Chapter 9 -- Design-based inference -- Exercise solutions and Code Boxes
David Warton
2022-07-28
Chapter9Solutions.RmdExercise 9.1: Smoking in pregnancy
Consider again the guinea pig experiment… How can we make inferences about the treatment effect, without assuming normality?
Design-based inference allows us to relax distributional assumptions. Specifically, if we use a permutation test as in Code Box 9.1, or a bootstrap test as in Code Box 9.3, we do not assume normality.
Exercise 9.2: Three example permutations of treatment labels in the guinea pig data
Does the observed statistic of 2.67 seem large compared to these values? What does this tell you?
The three statistics obtained by permuting data were 0.76, -2.09 and -1.08. These are all smaller than 2.67, suggesting that 2.67 is unusually large compared to what we would expect if there were no treatment effect. However, to say something more precise about how unusual this is we should do many more permutations…
Code behind Figure 9.1
library(ecostats)
#> Loading required package: mvabund
data(guineapig)
ft_guinea = lm(errors~treatment,data=guineapig)

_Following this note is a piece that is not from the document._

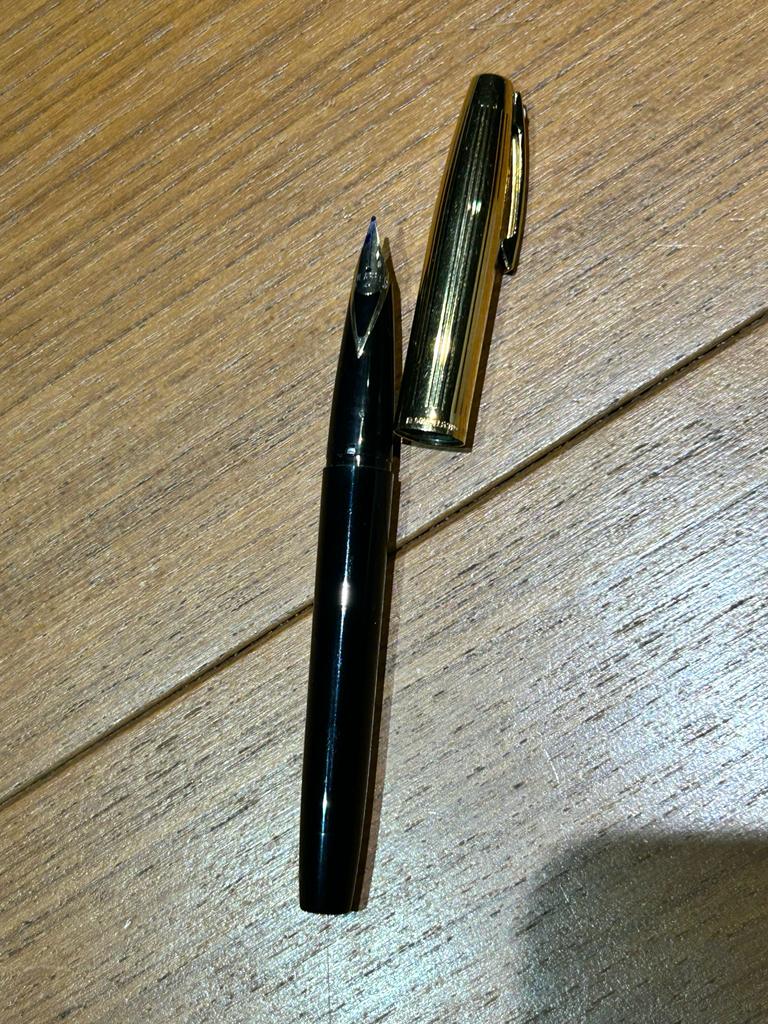 black plastic barrel and trimmed in gold plate .Fitted with a 14K solid gold inlaid nib.

tObs = summary(ft_guinea)$coef[2,3] #store observed t-statistic
nPerm = 1000
tStats = rep(NA,nPerm)
tStats[1] = tObs
for(iPerm in 2:nPerm)
{
  guineapig$treatPerm = sample(guineapig$treatment) #permute treatment labels
  ft_guineaPerm = lm(errors~treatPerm,data=guineapig) #re-fit model
  tStats[iPerm] = summary(ft_guineaPerm)$coef[2,3] #store t-stat
}
par(cex=1.2,lwd=1.5)
hist(tStats,main="Null distribution of t under permutation",xlab="t")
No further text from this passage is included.